In general I try turn the problem around, and add the comma before the actual value, so you end up with code that looks like this:
s.append("[");
for (i = 0; i < 5; ++i) {
if (i) s.append(","); // add the comma only if this isn't the first entry
s.appendF("\"%d\"", i);
}
s.append("]");
That extra one line of code in your for loop is hardly expensive...
Another alternative I've used when output a structure to JSON from a dictionary of some form is to always append a comma after each entry (as you are doing above) and then add a dummy entry at the end that has not trailing comma (but that is just lazy ;->).
Doesn't work well with an array unfortunately.
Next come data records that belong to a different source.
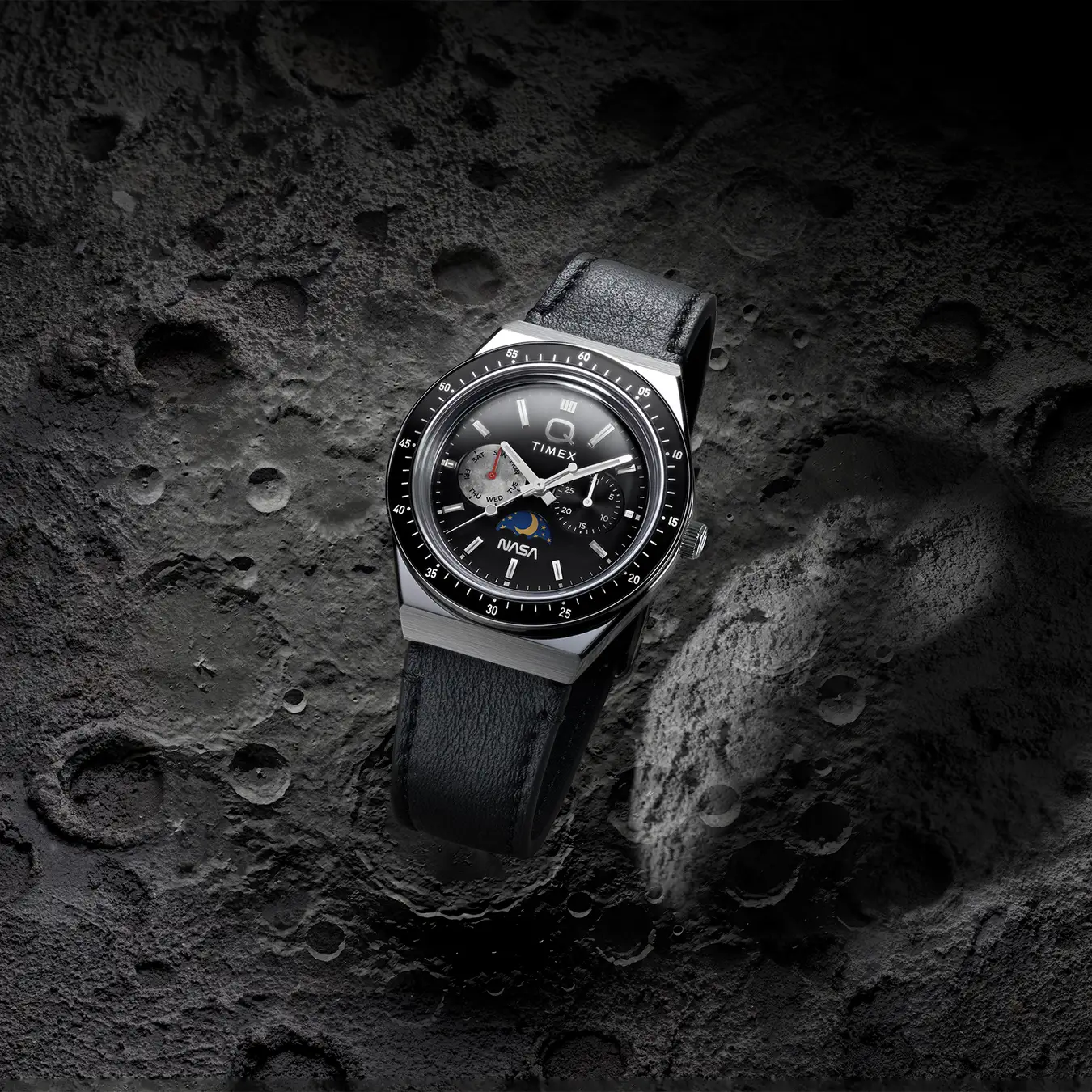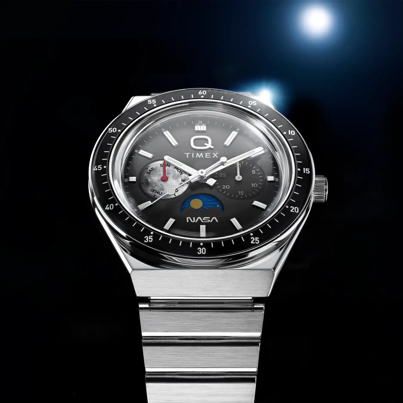 1970年代のクォーツウォッチを現代に蘇らせた「Q Timex」のレトロな造形美に、宇宙探索のロマンを詰め込んだコラボレーションです。
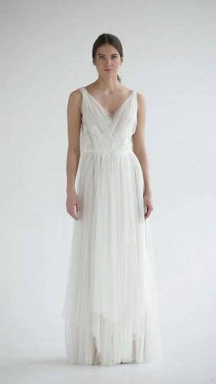 This soft elegant wedding gown is light and ethereal perfect for a bohemian bride. To accompany this beautiful tulle is a wonderfully whimsical cape which glides with the movement of the bride. French lace appliqué defines the waistlines and adorns the back.
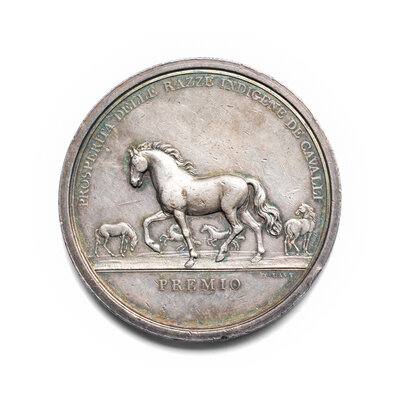 by A. Lavy, the obverse with a portrait bust of Victor Emmanuel, the reverse with a scene of Horses crazing in a field with the inscription Prosperita Delle Razze Indigene Cavalli/Premio (64.5g, 53mm).
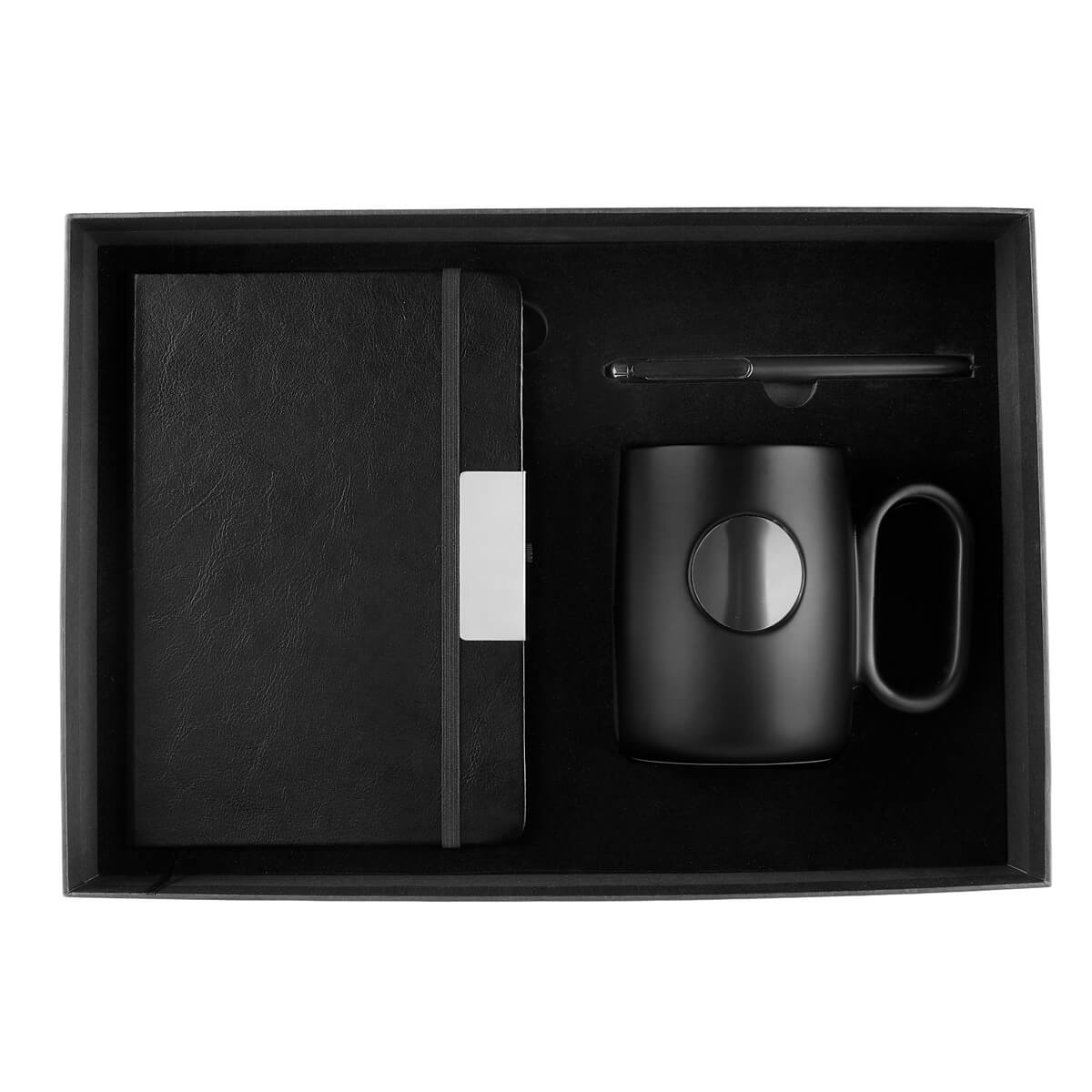 Descripción: Set de regalo ejecutivo de 3 piezas. Contiene libreta de pasta dura con 80 hojas recicladas a raya y placa metálica. Incluye listón separador y elástico porta bolígrafo. Bolígrafo de plástico con mecanismo pulsador y taza de carámica con placa metálica circular. Capacidad de 473 ml. Incluye caja de regalo rígida.
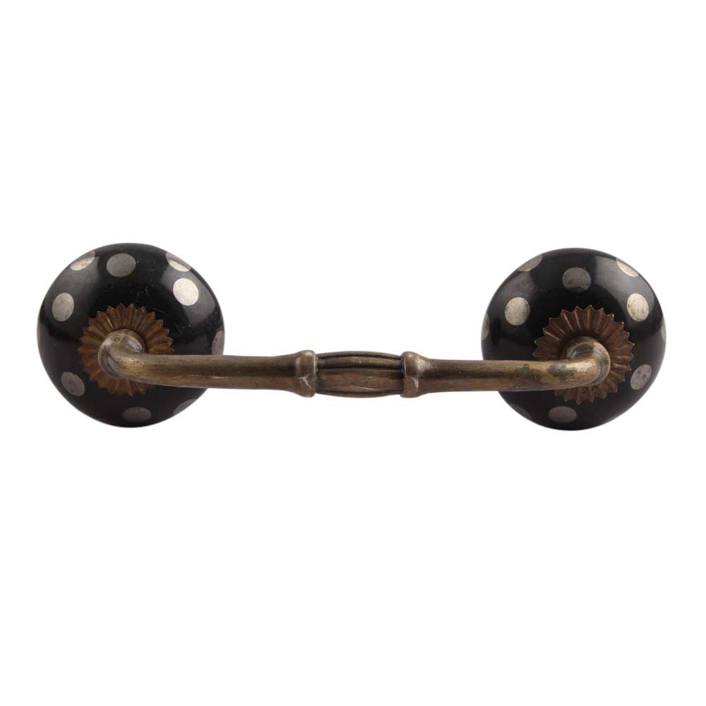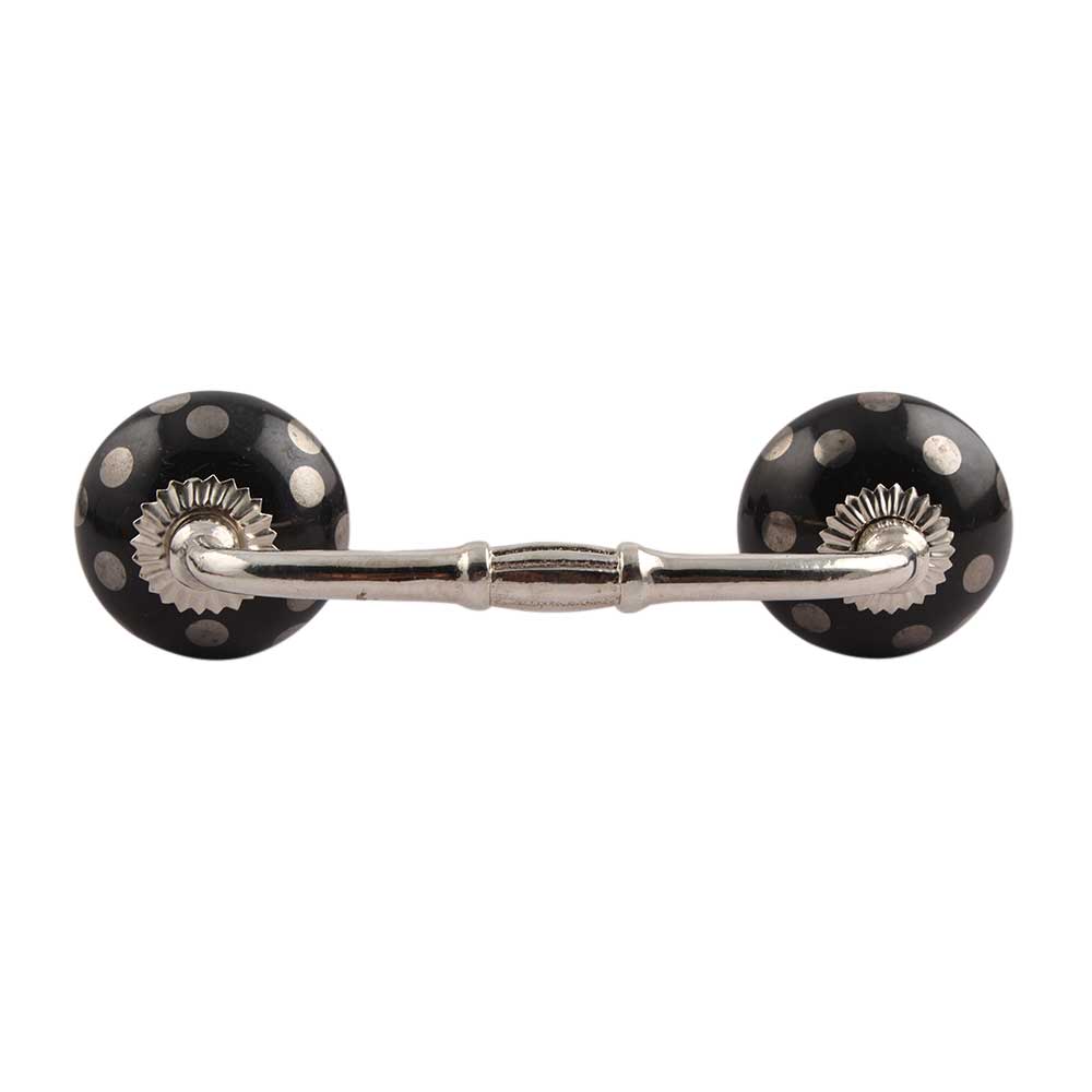 Silver Dot Ceramic Bridge Handle. Ideal for Drawer, Dresser, Cabinet, Wardrobe, Cupboard and Almirah.

No. The JSON spec, as maintained at http://json.org, does not allow trailing commas. From what I've seen, some parsers may silently allow them when reading a JSON string, while others will throw errors. For interoperability, you shouldn't include it.
The code above could be restructured, either to remove the trailing comma when adding the array terminator or to add the comma before items, skipping that for the first one.

Simple, cheap, easy to read, and always works regardless of the specs.
$delimiter = '';
for .... {
print $delimiter.$whatever
$delimiter = ',';
}
The redundant assignment to $delim is a very small price to pay.
Also works just as well if there is no explicit loop but separate code fragments.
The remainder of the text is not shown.